INSTRUCTIONS TO FOLLOW: Exactly as written, retype the lines that run from the line holding "RSUD Langsa menerima" through the end of the records below. Do not include pictures.
BEGIN DATA TO PROCESS
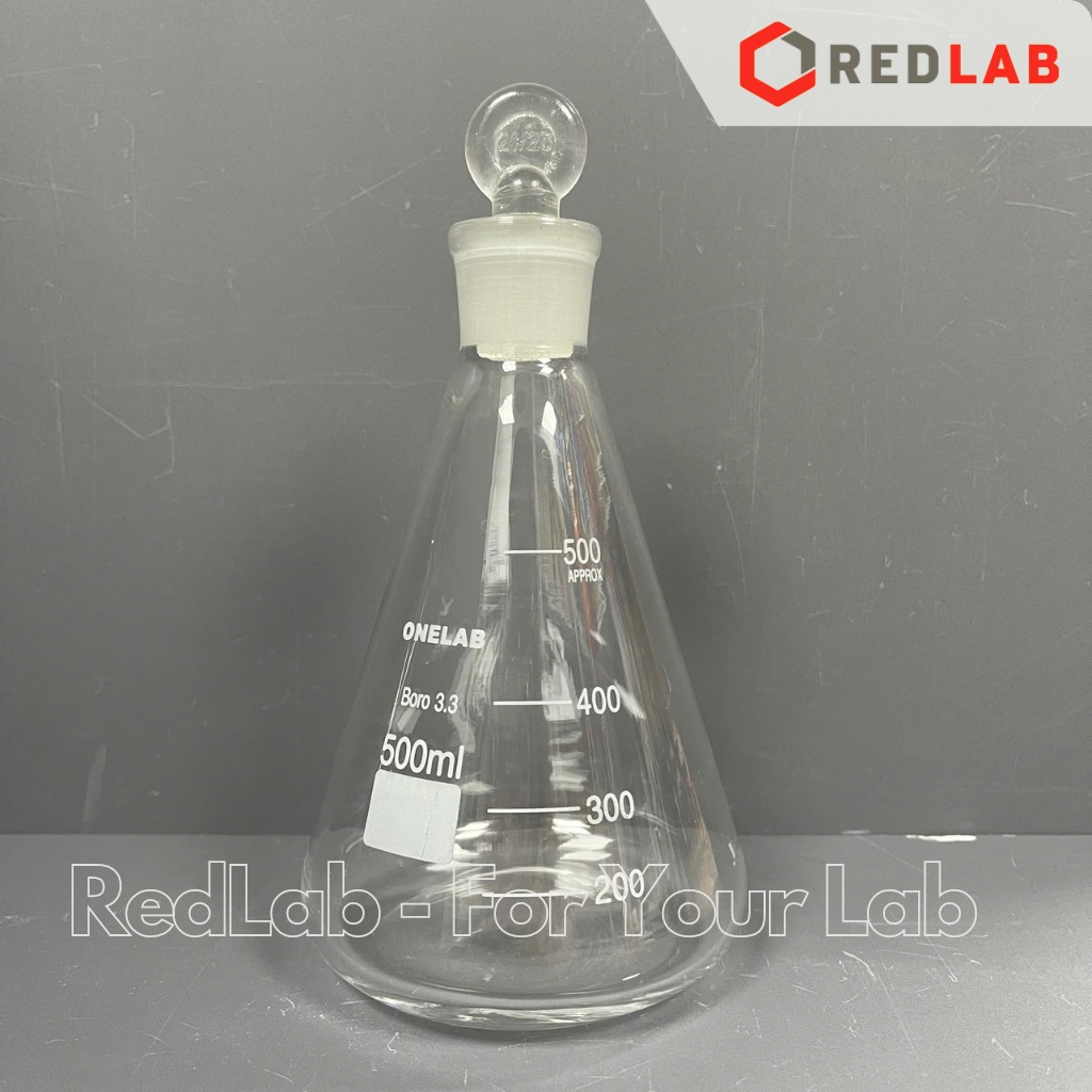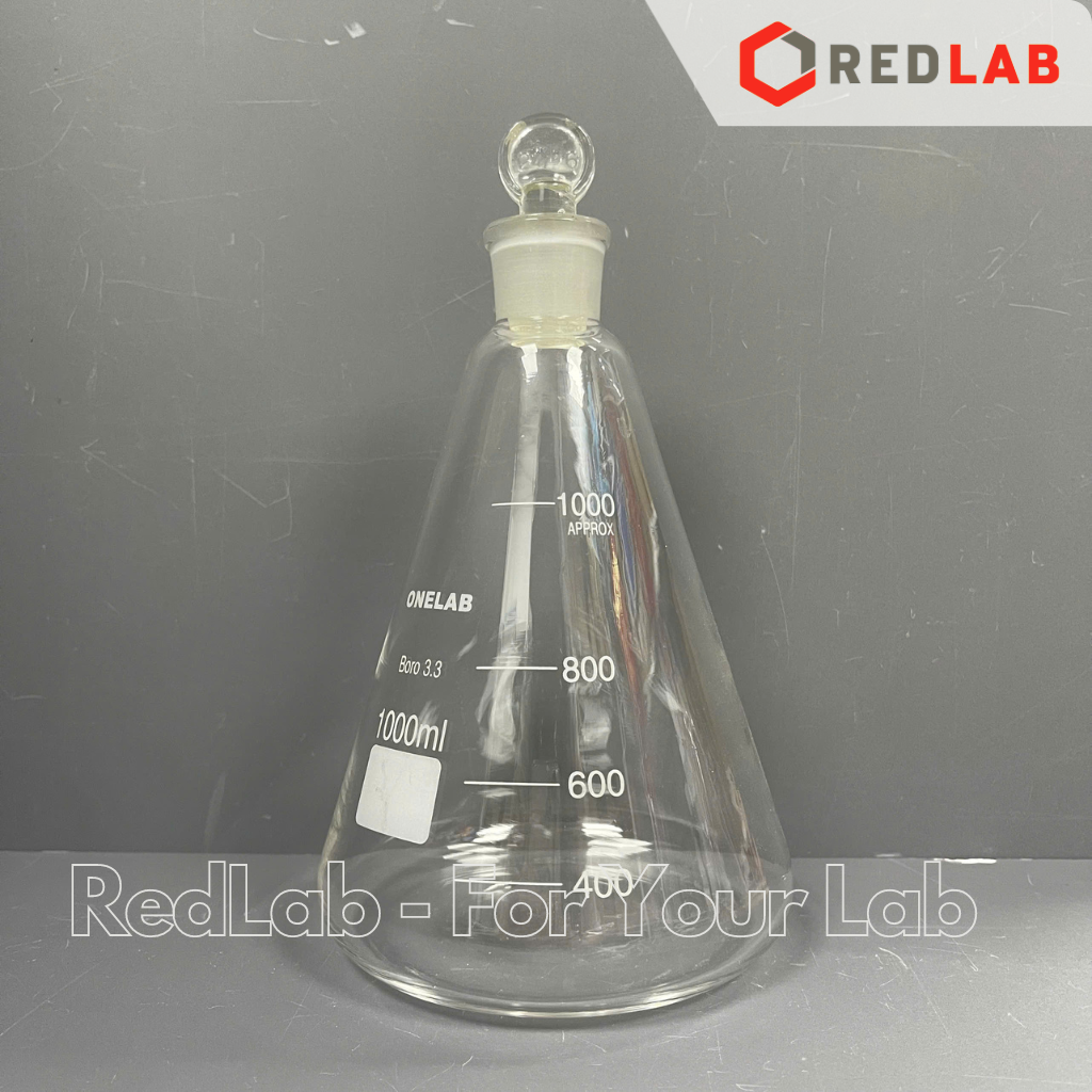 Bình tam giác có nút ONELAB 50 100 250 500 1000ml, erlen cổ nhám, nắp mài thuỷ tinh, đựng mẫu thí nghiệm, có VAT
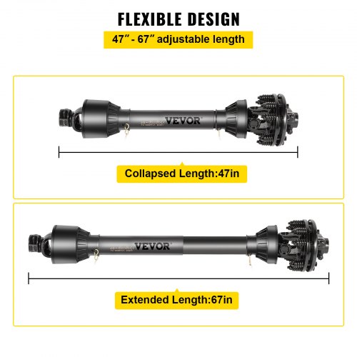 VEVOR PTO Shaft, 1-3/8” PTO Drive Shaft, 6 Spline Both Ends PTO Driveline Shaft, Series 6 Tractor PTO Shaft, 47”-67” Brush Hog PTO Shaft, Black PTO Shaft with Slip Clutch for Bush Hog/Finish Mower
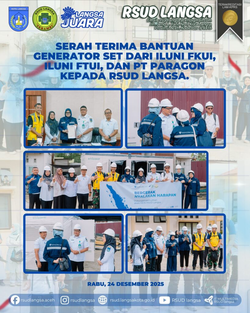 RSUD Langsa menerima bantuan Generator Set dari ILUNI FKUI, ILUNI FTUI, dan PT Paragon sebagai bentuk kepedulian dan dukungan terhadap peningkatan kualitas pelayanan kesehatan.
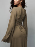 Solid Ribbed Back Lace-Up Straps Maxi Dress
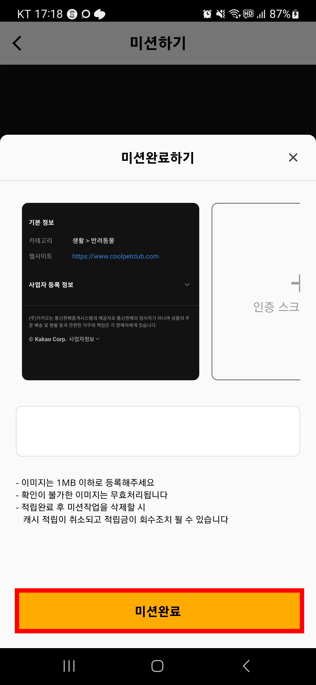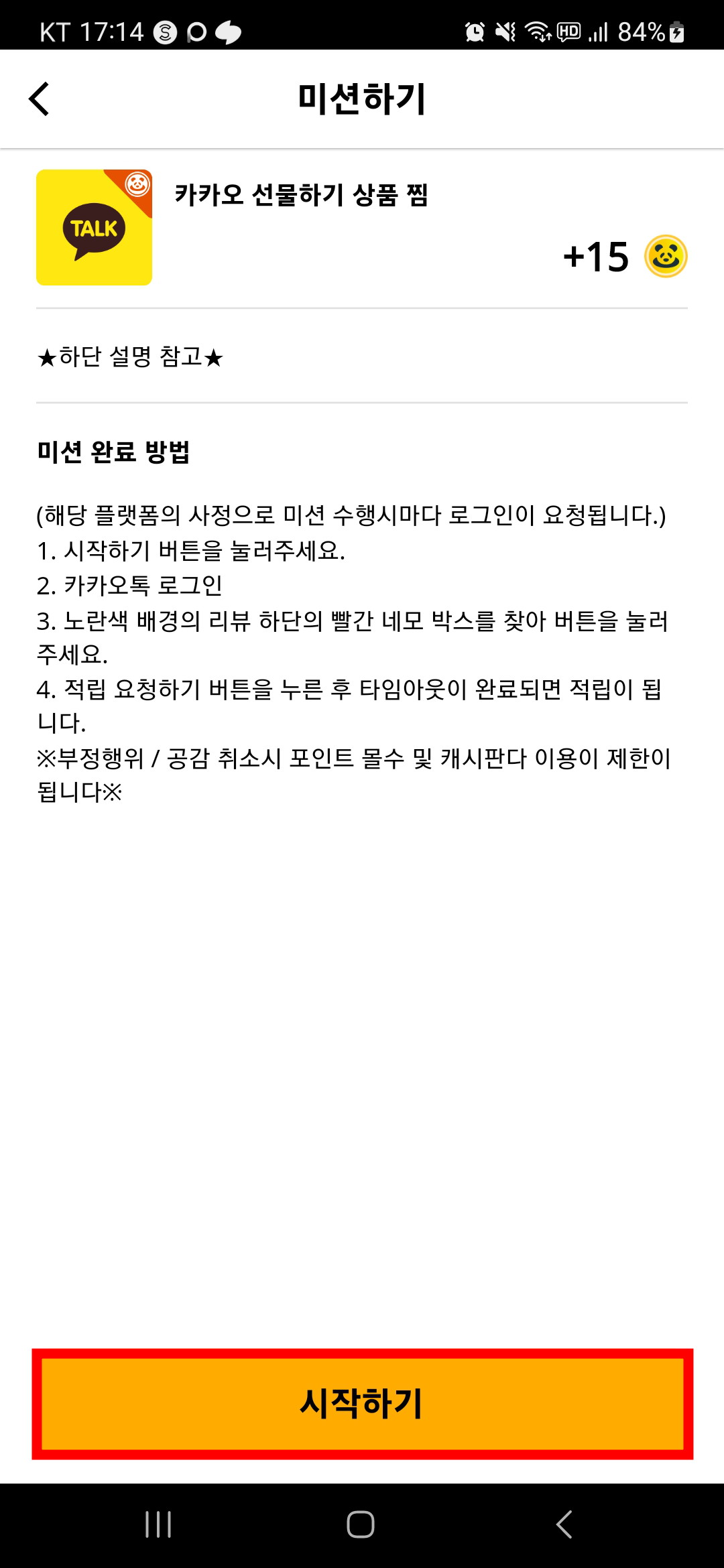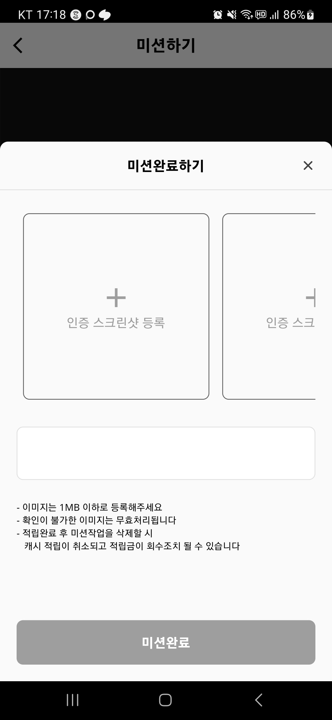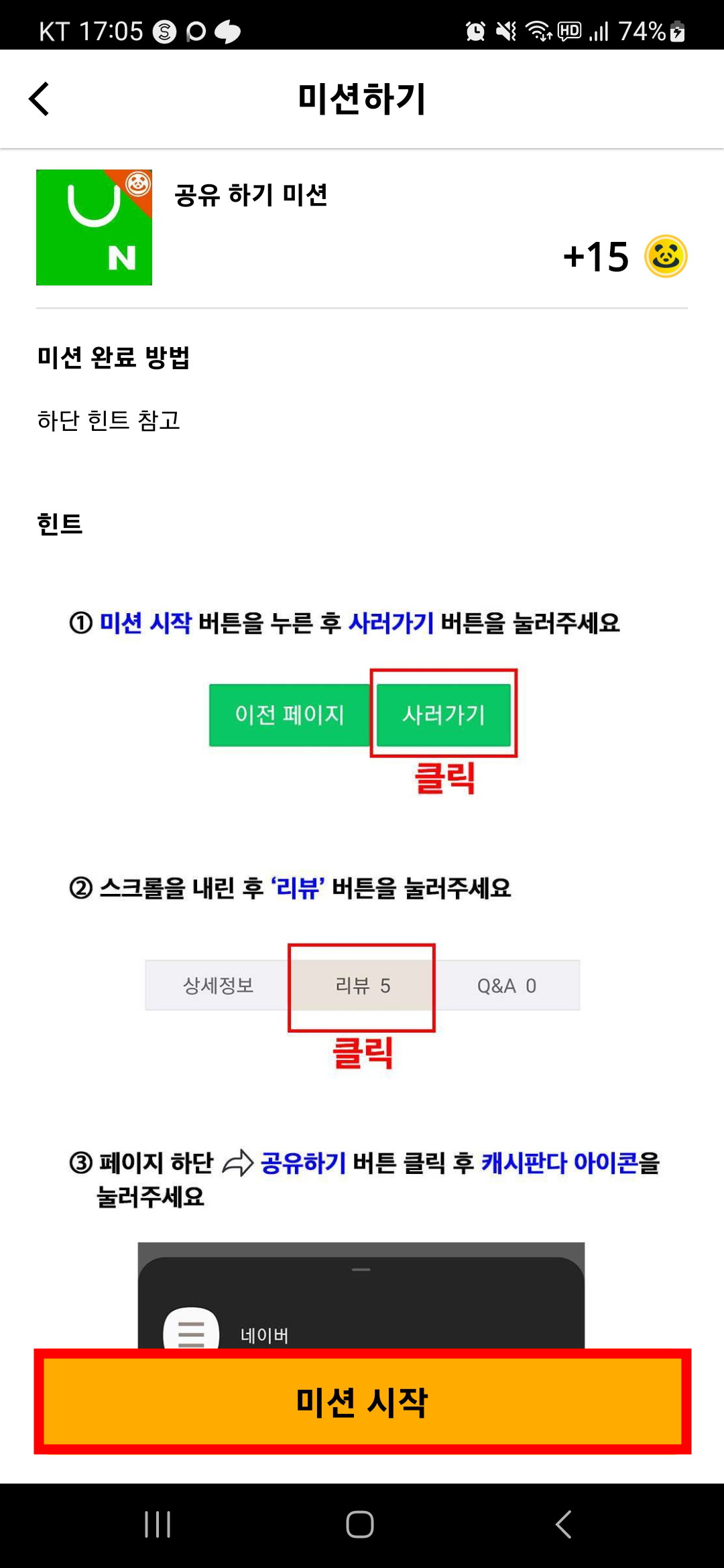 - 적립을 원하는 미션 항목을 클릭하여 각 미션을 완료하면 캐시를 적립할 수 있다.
END DATA TO PROCESS
EXERCISE ANSWER:
 RSUD Langsa menerima bantuan Generator Set dari ILUNI FKUI, ILUNI FTUI, dan PT Paragon sebagai bentuk kepedulian dan dukungan terhadap peningkatan kualitas pelayanan kesehatan.
 Solid Ribbed Back Lace-Up Straps Maxi Dress
 - 적립을 원하는 미션 항목을 클릭하여 각 미션을 완료하면 캐시를 적립할 수 있다.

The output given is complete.